- **Exercise**
For this listing, the lines between the one holding "Llamas, because of" and the one holding "2. If the clearance", inclusive, must be set down exactly.

- **Information given**
= = =
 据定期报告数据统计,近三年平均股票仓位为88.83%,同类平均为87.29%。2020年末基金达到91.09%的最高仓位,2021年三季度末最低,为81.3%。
= = =
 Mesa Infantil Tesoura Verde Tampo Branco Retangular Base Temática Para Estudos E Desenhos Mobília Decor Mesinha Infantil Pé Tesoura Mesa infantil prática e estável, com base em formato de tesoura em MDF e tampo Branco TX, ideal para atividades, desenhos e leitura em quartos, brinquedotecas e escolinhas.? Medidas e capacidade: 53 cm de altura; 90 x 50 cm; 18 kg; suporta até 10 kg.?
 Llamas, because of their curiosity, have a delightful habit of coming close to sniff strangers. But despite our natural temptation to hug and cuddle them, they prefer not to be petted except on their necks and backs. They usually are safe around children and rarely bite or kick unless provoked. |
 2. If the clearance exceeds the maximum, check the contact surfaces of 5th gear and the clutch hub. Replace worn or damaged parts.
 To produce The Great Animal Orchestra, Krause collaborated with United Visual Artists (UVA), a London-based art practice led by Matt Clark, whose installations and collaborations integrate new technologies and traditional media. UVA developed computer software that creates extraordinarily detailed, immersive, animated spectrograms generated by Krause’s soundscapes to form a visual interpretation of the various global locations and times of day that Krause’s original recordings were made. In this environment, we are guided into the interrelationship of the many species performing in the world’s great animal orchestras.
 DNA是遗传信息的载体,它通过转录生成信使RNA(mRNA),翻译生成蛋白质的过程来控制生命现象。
= = =
- **Task solution**
 Llamas, because of their curiosity, have a delightful habit of coming close to sniff strangers. But despite our natural temptation to hug and cuddle them, they prefer not to be petted except on their necks and backs. They usually are safe around children and rarely bite or kick unless provoked. |
 2. If the clearance exceeds the maximum, check the contact surfaces of 5th gear and the clutch hub. Replace worn or damaged parts.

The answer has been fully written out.